Annual US consumer inflation up 8.5% in July, easing from 9.1% in June

Core consumer price index, excluding food and energy, rises 5.9% annually, below market estimate of 6.1% . Annual consumer inflation in the US rose 8.5% in July, easing from the 9.1% yearly increase in June, when it saw the largest 12-month increase since November 1981, according to Labor Department figures released Wednesday.

The consumer price index (CPI), which measures changes in the prices of goods and services from a consumer’s perspective, was lower than the market estimate of an 8.7% annual increase.

CPI in July remained unchanged from the previous month, again beating expectations for a 0.2% increase. The monthly CPI increase in June was 1.3%.

„There were some indexes that declined in July, including those for airline fares, used cars and trucks, communication, and apparel,” the department said in a statement.

Core CPI, which excludes food and energy, climbed 0.3% in July from the previous month, again below the expectation for a 0.5% gain. In June, core CPI posted a monthly increase of 0.7%.
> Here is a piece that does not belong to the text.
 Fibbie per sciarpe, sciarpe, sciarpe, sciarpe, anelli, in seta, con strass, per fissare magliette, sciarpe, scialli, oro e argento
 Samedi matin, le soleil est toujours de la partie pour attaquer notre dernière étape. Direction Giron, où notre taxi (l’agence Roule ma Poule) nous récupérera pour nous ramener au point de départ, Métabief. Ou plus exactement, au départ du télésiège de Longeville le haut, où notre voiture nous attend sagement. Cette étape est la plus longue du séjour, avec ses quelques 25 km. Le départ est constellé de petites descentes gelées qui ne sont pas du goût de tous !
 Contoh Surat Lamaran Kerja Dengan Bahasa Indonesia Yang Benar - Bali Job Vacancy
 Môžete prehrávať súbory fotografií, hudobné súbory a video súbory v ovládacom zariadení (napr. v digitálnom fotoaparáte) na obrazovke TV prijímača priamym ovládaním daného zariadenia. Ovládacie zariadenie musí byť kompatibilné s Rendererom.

Annually, core CPI rose 5.9% in July year-on-year, similarly below the market forecast of 6.1%, after gaining 5.9% in June from the same month a year ago.
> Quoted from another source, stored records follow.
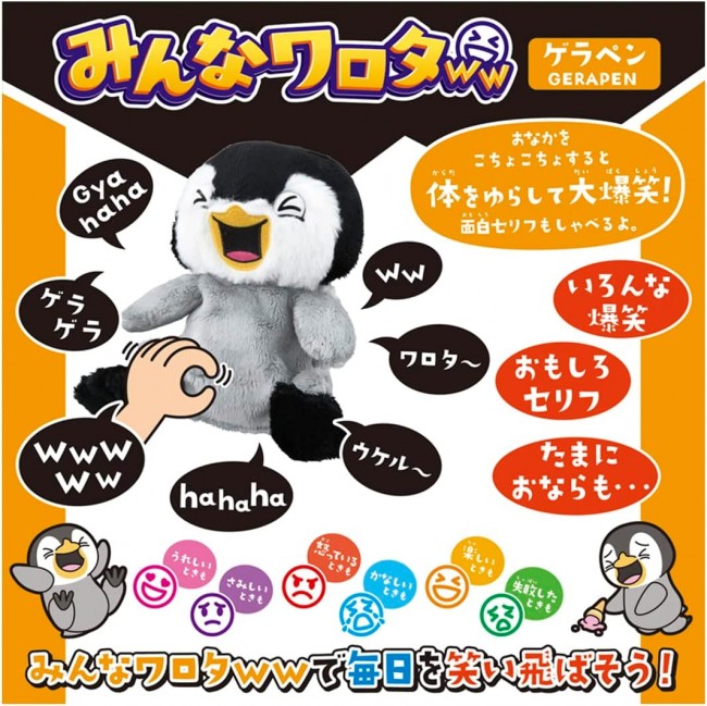 Happy things, sad things, let's laugh at them all with WWWWWW, everyone will laugh at you! This is a plush toy with action based on the theme of the addictive WWII laughter. Every time you tickle its tummy, it laughs out loud with comical movements! It laughs in a variety of ways, such as bursting out laughing, laughing, laughing, and losing laughter. Sometimes he even says funny lines or farts! Gerapen is voiced by popular voice actress Mayumi Tanaka! Let's laugh everyday with Minna Warota! Contents] Minna Warota (1) (C) TOMY Uses 3 AAA alkaline batteries (batteries sold separately) Please use alkaline batteries.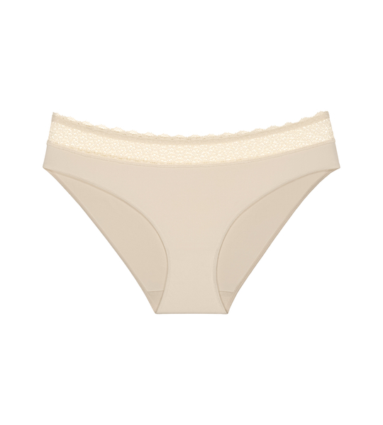 Koniec z niepokojącymi szwami odznaczającymi się na ubraniu. Ciesz się całkowitym komfortem i pewnością dzięki miękkim i gładkim majtkom z modalu. Majtki typu tai ze średnim stanem Miękka włóknista tkanina Lenzing Modal® jest delikatna w kontakcie ze skórą. Pasek w talii wykończony koronką pochodzącą z recyklingu. Wstawka z bawełny organicznej 87% Modal , 13% Elastan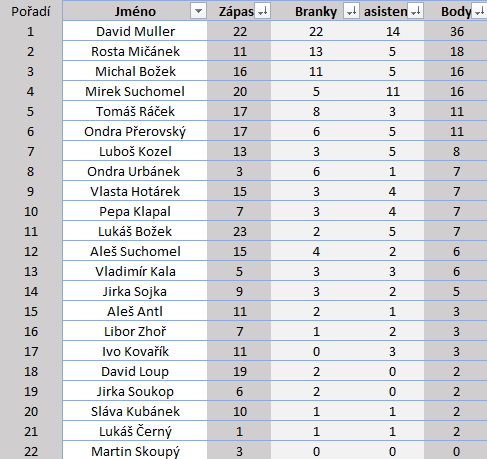 | Rosťa Mičánek st. | 22 | 7 | 12 | 19 |
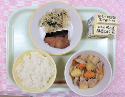 【献立】 ・ごはん ・牛乳 ・ふくらぎの照り焼き ・甘酢和え ・豚肉とじゃがいものうま煮

„The energy index increased 32.9% for the 12 months ending July, a smaller increase than the 41.6% increase for the period ending June,” the statement said.
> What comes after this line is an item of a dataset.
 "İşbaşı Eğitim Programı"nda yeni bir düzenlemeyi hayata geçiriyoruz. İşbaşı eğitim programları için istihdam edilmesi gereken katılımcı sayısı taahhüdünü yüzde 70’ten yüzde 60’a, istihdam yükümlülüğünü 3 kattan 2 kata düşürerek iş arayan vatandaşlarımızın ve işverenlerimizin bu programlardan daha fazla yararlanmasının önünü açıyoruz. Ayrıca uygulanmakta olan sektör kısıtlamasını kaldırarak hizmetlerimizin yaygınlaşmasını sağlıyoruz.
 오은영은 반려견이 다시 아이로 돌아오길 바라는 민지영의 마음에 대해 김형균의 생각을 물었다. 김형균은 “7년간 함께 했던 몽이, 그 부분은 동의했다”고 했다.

However, „the food index increased 10.9% over the last year, the largest 12-month increase since the period ending May 1979,” it added.

President Joe Biden said the American economy had „0% inflation” in July, referring to the CPI remaining unchanged from the previous month.

„While the price of some things went up last month, the price of other things went down by the same amount. The result? Zero inflation last month, but people were still hurting with zero inflation last month,” he said at the White House.

Biden noted that the US economy added a much better-than-expected 528,000 jobs last month, while the unemployment rate fell to 3.5%.

„We’re seeing a stronger labor market where jobs are booming and Americans are working and we’re seeing some signs that inflation may be beginning to moderate,” he added.